TLDR
- GE Vernova reached a record peak of $1,182.31 on July 6, climbing 121.61% over 12 months and 70.6% in 2026
- Jim Cramer identified GEV as his top power sector pick and disclosed it represents a “very big position” in his Charitable Trust
- First quarter 2026 revenue reached $9.3 billion, marking 16% growth year-over-year, while EPS of $1.98 surpassed projections
- New orders totaled $18.3 billion in Q1, representing 71% organic growth; company backlog now exceeds $163 billion
- Management increased 2026 free cash flow projections to $6.5–$7.5 billion from the previous $5.0–$5.5 billion range
Shares of GE Vernova (GEV) touched a record level of $1,182.31 on July 6, 2026, with the energy company now commanding a market capitalization of $310.9 billion. The advance continues a remarkable rally that has delivered more than 120% returns over the trailing twelve months.
Year-to-date performance shows the stock climbing 70.6%, positioning it among the top performers within the energy sector. Such exceptional gains naturally attract significant market attention — and GEV is receiving plenty of it.
During Mad Money’s Lightning Round on June 30, Jim Cramer designated GE Vernova as his preferred power sector investment. He revealed the stock represents a substantial holding within his Charitable Trust — a transparent, traceable statement rather than casual commentary.
“GE Vernova of those is my favorite. It’s one that the Charitable Trust has a very big position… I say still buy GE Vernova,” Cramer stated.
The recommendation came with shares already trading at elevated levels. GEV finished July 2 at $1,113.11, yet even at that valuation, the stock’s three-year gain of 867.92% demonstrates the transformation of its underlying business.
First Quarter Results Support Bullish Thesis
The company’s first quarter 2026 performance, announced April 22, provided concrete data supporting the optimistic outlook.
Topline revenue totaled $9.3 billion, reflecting 16% annual growth. Earnings per share of $1.98 exceeded the consensus forecast of $1.84 by 7.6%.
The standout metric was order intake. First quarter orders reached $18.3 billion, climbing 71% on an organic basis, with strength evident across Power, Wind, and Electrification divisions. The company’s total backlog expanded to $163 billion, adding $13 billion in just three months.
Free cash flow of $4.8 billion represented more than a fourfold increase year-over-year.
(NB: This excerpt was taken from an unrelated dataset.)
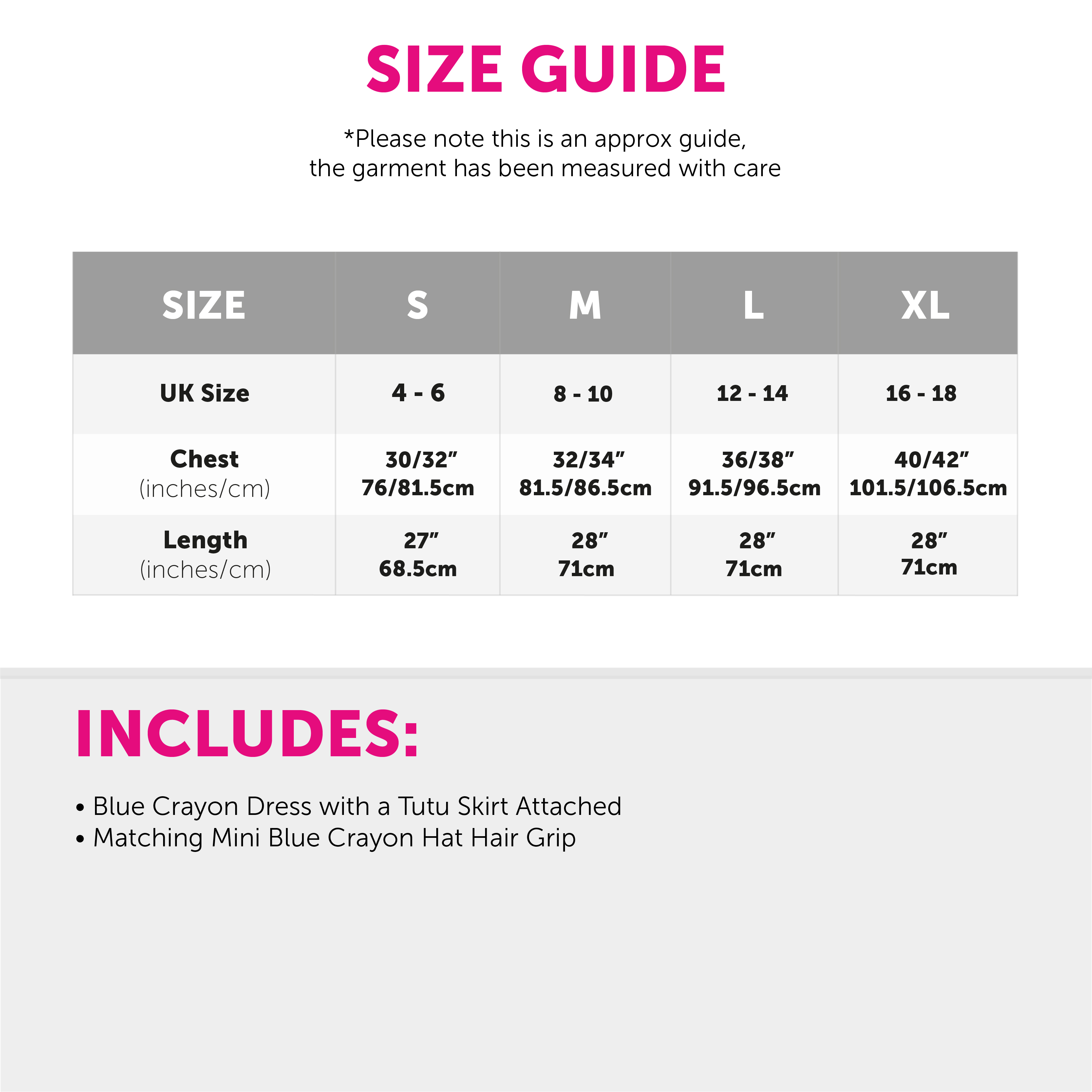 - AVAILABLE IN MULTIPLE SIZES: Your Ladies Blue Crayon Dress is available in multiple sizes from Small to X-Large: Small: Chest: 30-32"/76-81.5cm - Length: 27"/68.5cm | Medium: Chest: 32-34"/81.5-86.5cm - Length: 28"/71cm | Large: Chest: 36-38"/91.5-96.5cm - Length: 28"/71cm | X Large: Chest: 40-42"/101.5-106.5cm - Length: 28"/71cm

Adjusted EBITDA nearly doubled to $0.9 billion, while margins widened by 390 basis points to 9.6%.
CEO Scott Strazik emphasized momentum in gas turbine demand. Gas Power equipment backlog and slot reservations expanded from 83 gigawatts to 100 gigawatts during Q1. Management now projects reaching at least 110 gigawatts by the conclusion of 2026.
Management Elevates Full-Year Projections
Following the strong quarterly performance, GEV increased its full-year 2026 outlook across all key financial measures.
Revenue expectations now range from $44.5 billion to $45.5 billion. Adjusted EBITDA margin guidance improved to 12–14%, compared with the prior 11–13% range. Free cash flow projections jumped significantly to $6.5–$7.5 billion from the earlier $5.0–$5.5 billion target.
The company closed Q1 with cash holdings of $10.2 billion and returned $1.4 billion to shareholders via stock repurchases and dividend payments.
Wall Street coverage has strengthened as well. Bernstein launched coverage with an outperform recommendation. Jefferies elevated its price objective to $1,210 while reaffirming its Buy rating, highlighting a robust order backlog extending through 2031.
InvestingPro’s valuation framework suggests the stock currently trades above its Fair Value calculation — an important consideration for position sizing.
From a technical perspective, shares encountered resistance around the $1,170–$1,180 level on July 2 before retreating slightly. The 50-day, 100-day, and 200-day moving averages are positioned at approximately $1,052, $959, and $794 respectively.
Second quarter 2026 results are scheduled for release on July 22. The company carries a Zacks Rank of 2 (Buy) with a favorable Earnings ESP of 10.35%, as analyst estimates have trended higher approaching the announcement.